GIVEN DATA:
===

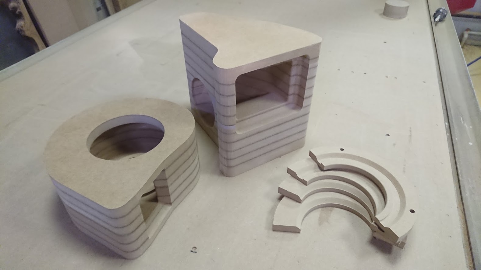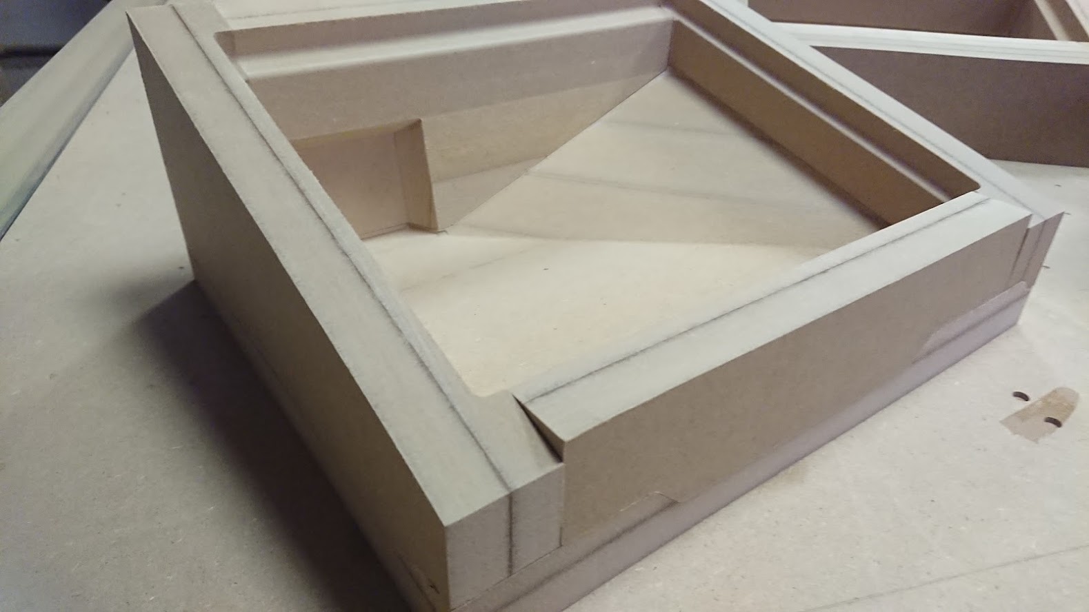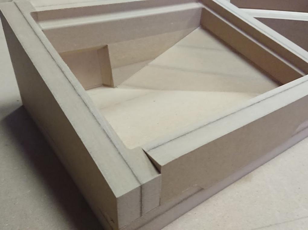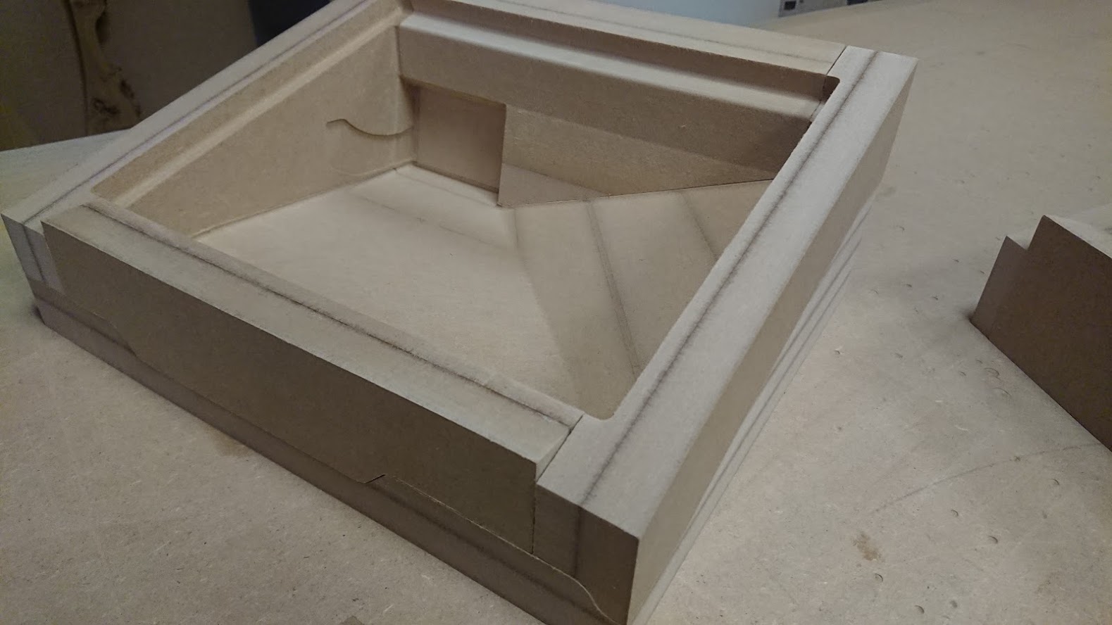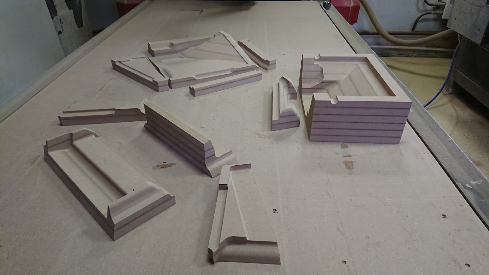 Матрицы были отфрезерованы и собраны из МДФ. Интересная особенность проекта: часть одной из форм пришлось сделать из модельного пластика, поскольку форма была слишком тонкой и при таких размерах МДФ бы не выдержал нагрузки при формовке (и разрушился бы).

===

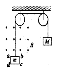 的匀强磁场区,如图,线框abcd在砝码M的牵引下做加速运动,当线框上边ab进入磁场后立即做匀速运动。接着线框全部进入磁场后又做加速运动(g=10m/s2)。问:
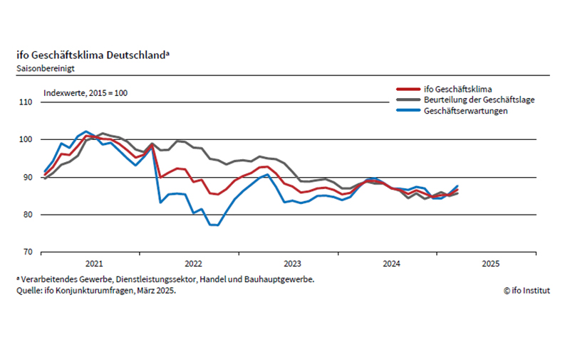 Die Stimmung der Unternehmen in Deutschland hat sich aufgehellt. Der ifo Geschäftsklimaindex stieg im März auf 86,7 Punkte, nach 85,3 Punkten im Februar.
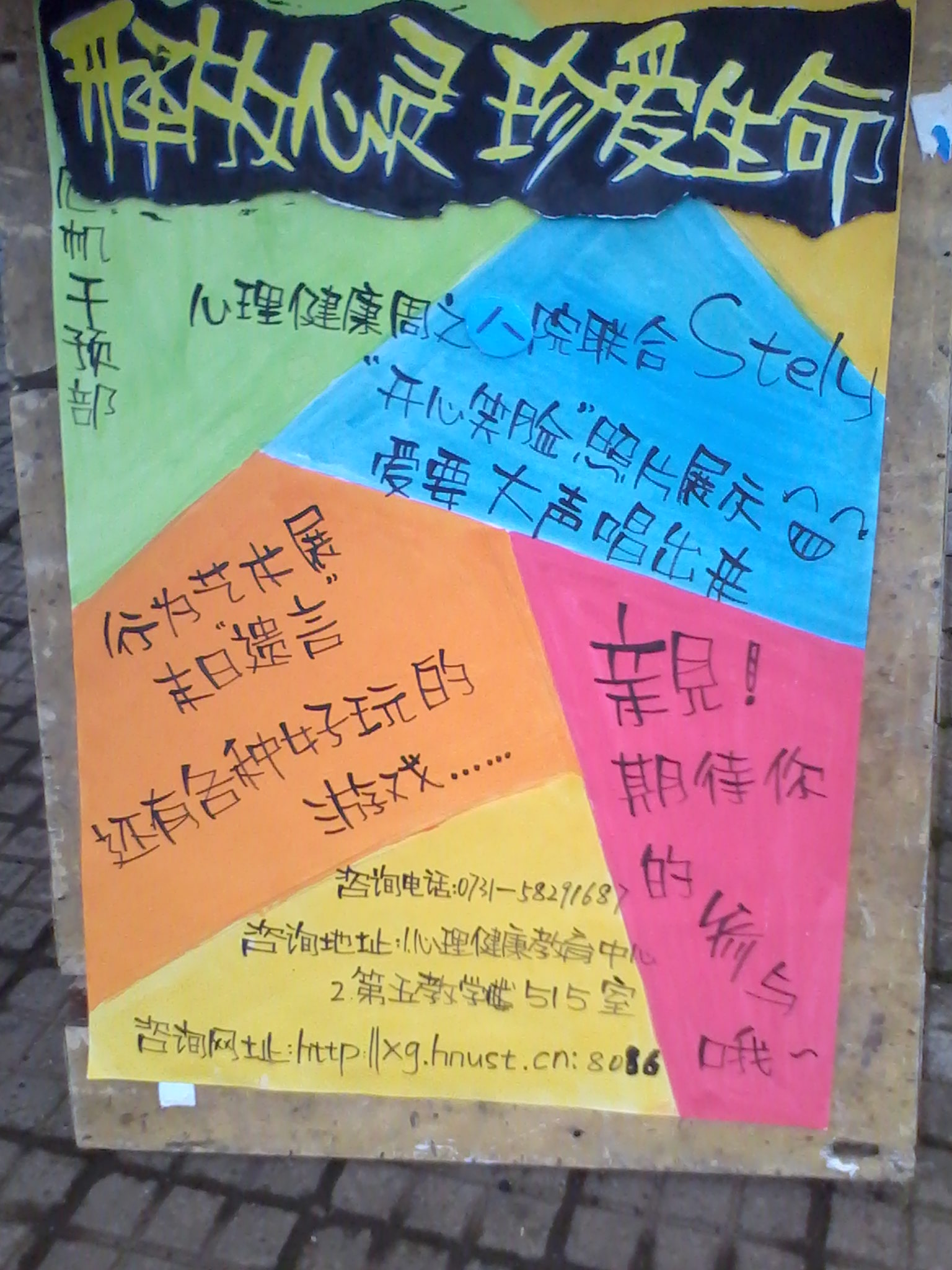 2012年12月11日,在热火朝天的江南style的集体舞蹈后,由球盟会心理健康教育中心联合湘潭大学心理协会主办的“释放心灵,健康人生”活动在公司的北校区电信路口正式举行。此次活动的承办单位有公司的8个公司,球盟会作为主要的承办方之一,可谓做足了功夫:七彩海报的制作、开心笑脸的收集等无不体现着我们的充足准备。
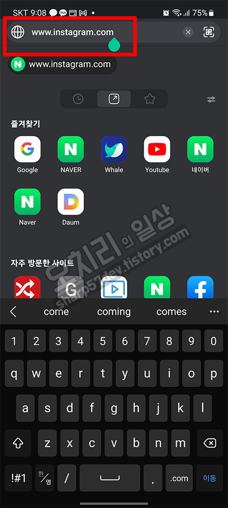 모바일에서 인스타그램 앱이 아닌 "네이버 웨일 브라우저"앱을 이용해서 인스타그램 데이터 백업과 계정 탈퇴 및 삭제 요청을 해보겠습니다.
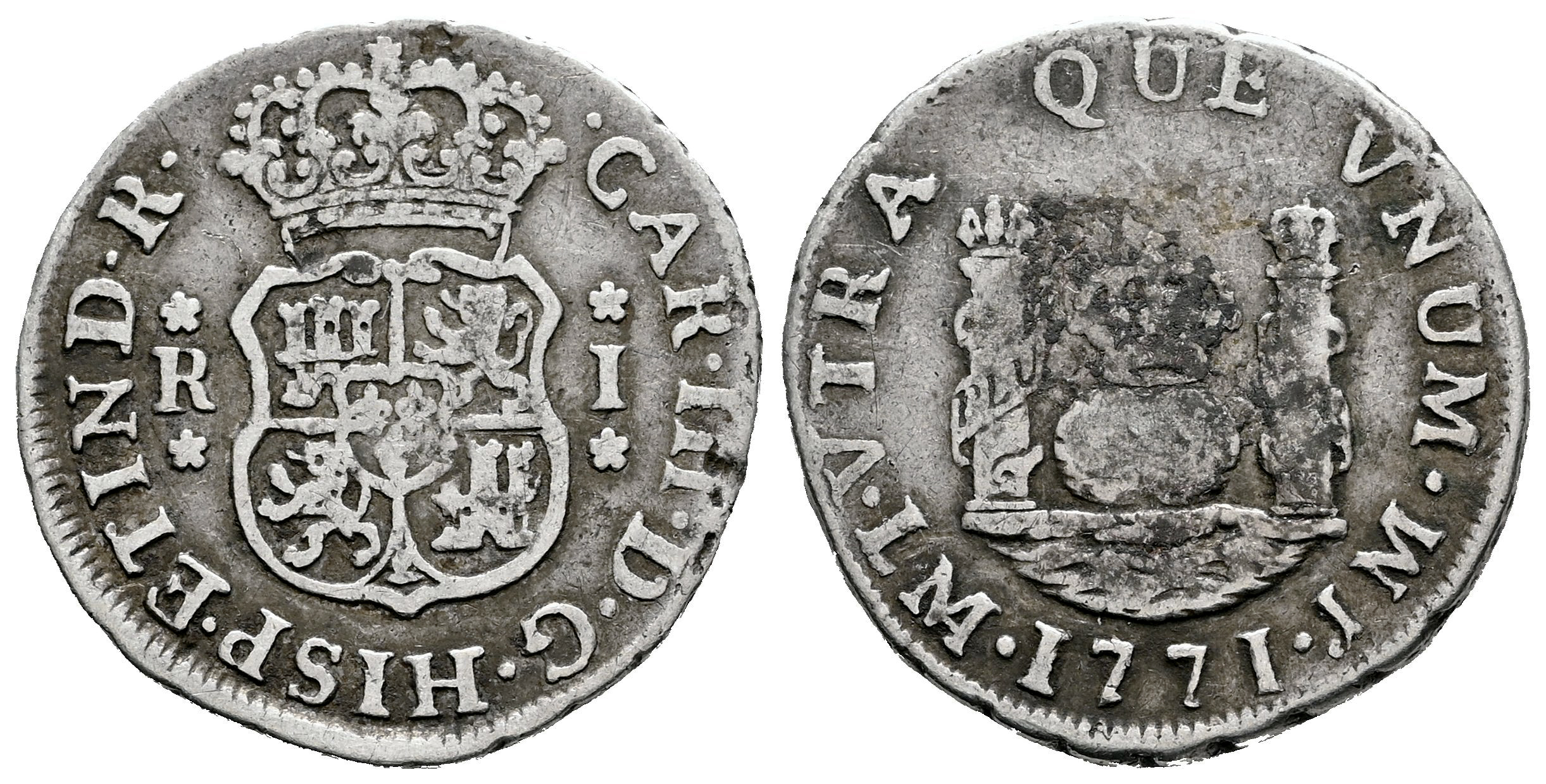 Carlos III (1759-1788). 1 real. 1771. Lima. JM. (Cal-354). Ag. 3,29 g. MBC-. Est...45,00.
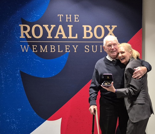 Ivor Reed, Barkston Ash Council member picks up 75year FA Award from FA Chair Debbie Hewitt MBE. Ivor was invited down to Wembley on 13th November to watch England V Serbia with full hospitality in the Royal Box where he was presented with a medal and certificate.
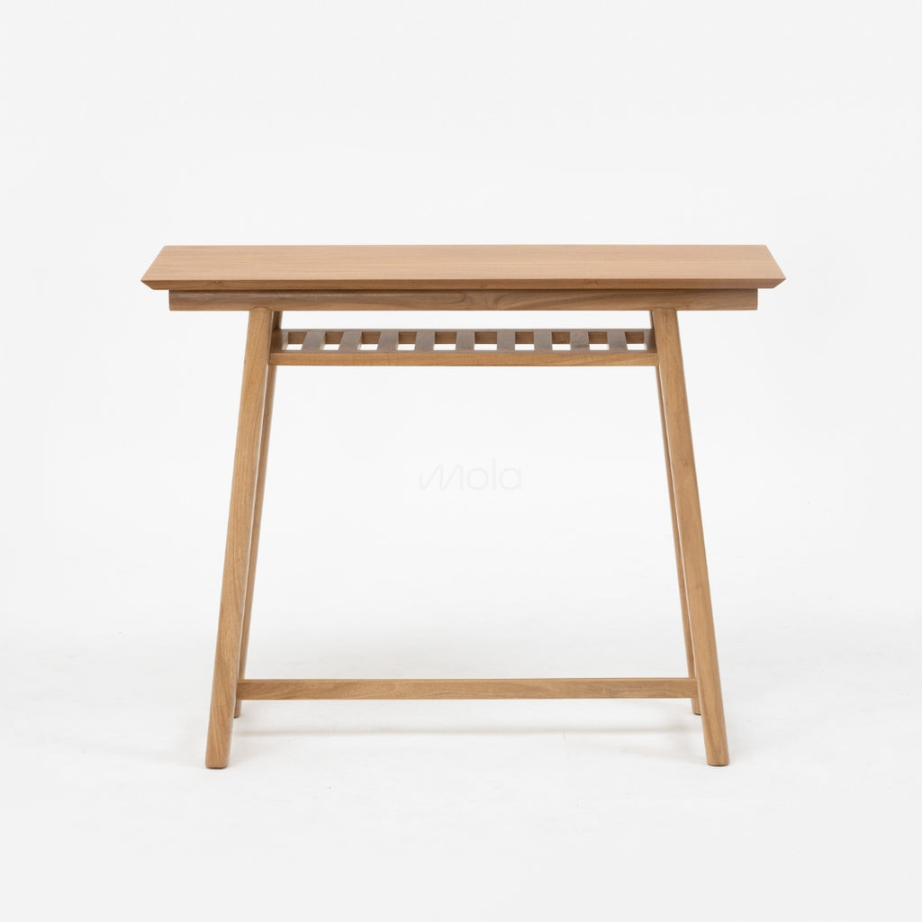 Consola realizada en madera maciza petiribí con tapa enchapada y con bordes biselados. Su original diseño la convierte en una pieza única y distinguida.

===

DESCRIPTION OF THE TASK: Please set down, exactly and with no pictures, the lines in the entries above starting at the one holding "的匀强磁场区,如图,线框ab" and ending at the one holding "Carlos III (1759-1788).", ends included.

SOLUTION TO THIS PROBLEM:
 的匀强磁场区,如图,线框abcd在砝码M的牵引下做加速运动,当线框上边ab进入磁场后立即做匀速运动。接着线框全部进入磁场后又做加速运动(g=10m/s2)。问:
 Die Stimmung der Unternehmen in Deutschland hat sich aufgehellt. Der ifo Geschäftsklimaindex stieg im März auf 86,7 Punkte, nach 85,3 Punkten im Februar.
 2012年12月11日,在热火朝天的江南style的集体舞蹈后,由球盟会心理健康教育中心联合湘潭大学心理协会主办的“释放心灵,健康人生”活动在公司的北校区电信路口正式举行。此次活动的承办单位有公司的8个公司,球盟会作为主要的承办方之一,可谓做足了功夫:七彩海报的制作、开心笑脸的收集等无不体现着我们的充足准备。
 모바일에서 인스타그램 앱이 아닌 "네이버 웨일 브라우저"앱을 이용해서 인스타그램 데이터 백업과 계정 탈퇴 및 삭제 요청을 해보겠습니다.
 Carlos III (1759-1788). 1 real. 1771. Lima. JM. (Cal-354). Ag. 3,29 g. MBC-. Est...45,00.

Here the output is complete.